-- WHAT YOU SHOULD DO --
Using the entries below, copy exactly each line from the line with "- You can sync/allocate" up to and including the line with "This is a 2021", with every picture left out.

-- EXERCISE INPUT --
((
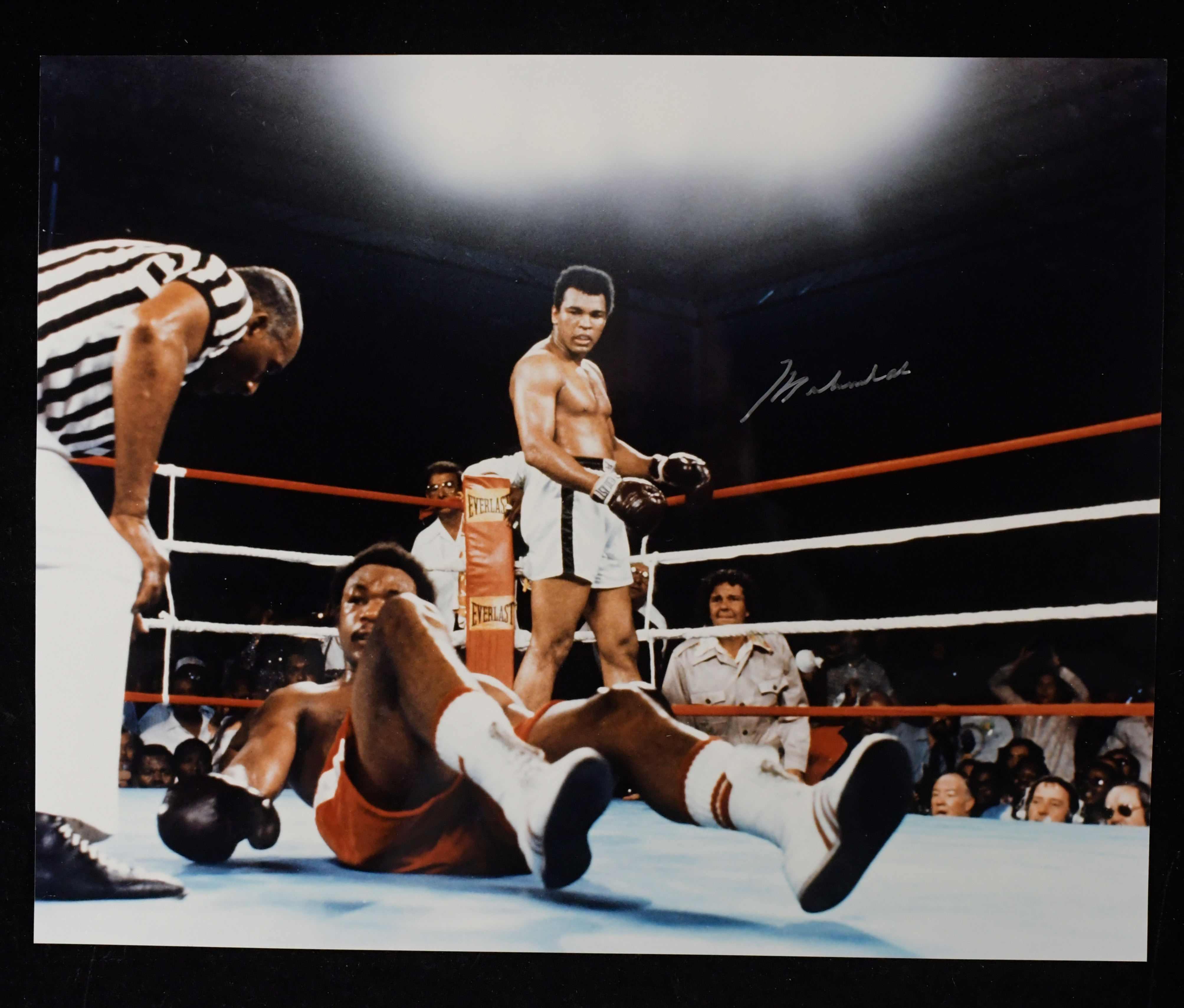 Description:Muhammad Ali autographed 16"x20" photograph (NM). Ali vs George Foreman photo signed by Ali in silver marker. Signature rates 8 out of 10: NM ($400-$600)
))
((
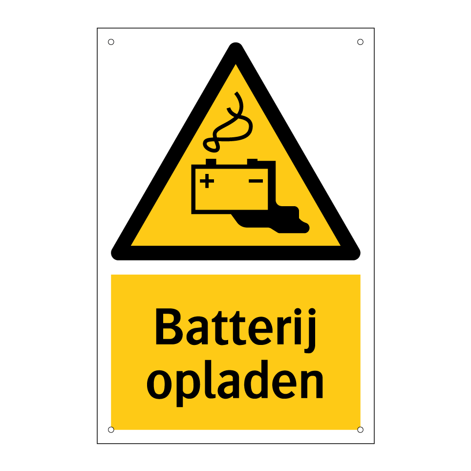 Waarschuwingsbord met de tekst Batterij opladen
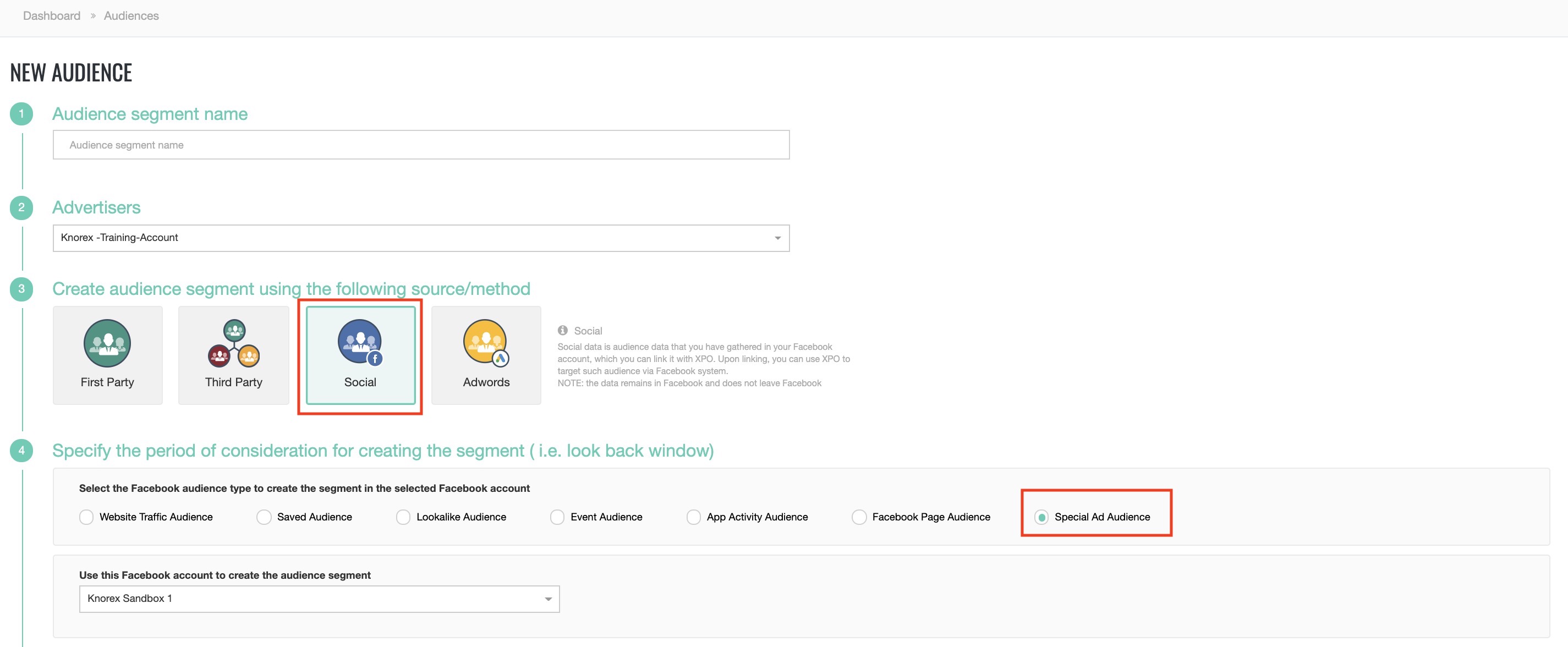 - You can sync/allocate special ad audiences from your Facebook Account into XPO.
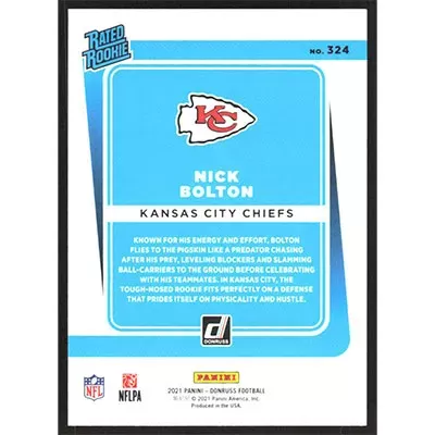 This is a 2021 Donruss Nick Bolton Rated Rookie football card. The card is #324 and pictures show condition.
))
-- ANSWER BELOW --
 - You can sync/allocate special ad audiences from your Facebook Account into XPO.
 This is a 2021 Donruss Nick Bolton Rated Rookie football card. The card is #324 and pictures show condition.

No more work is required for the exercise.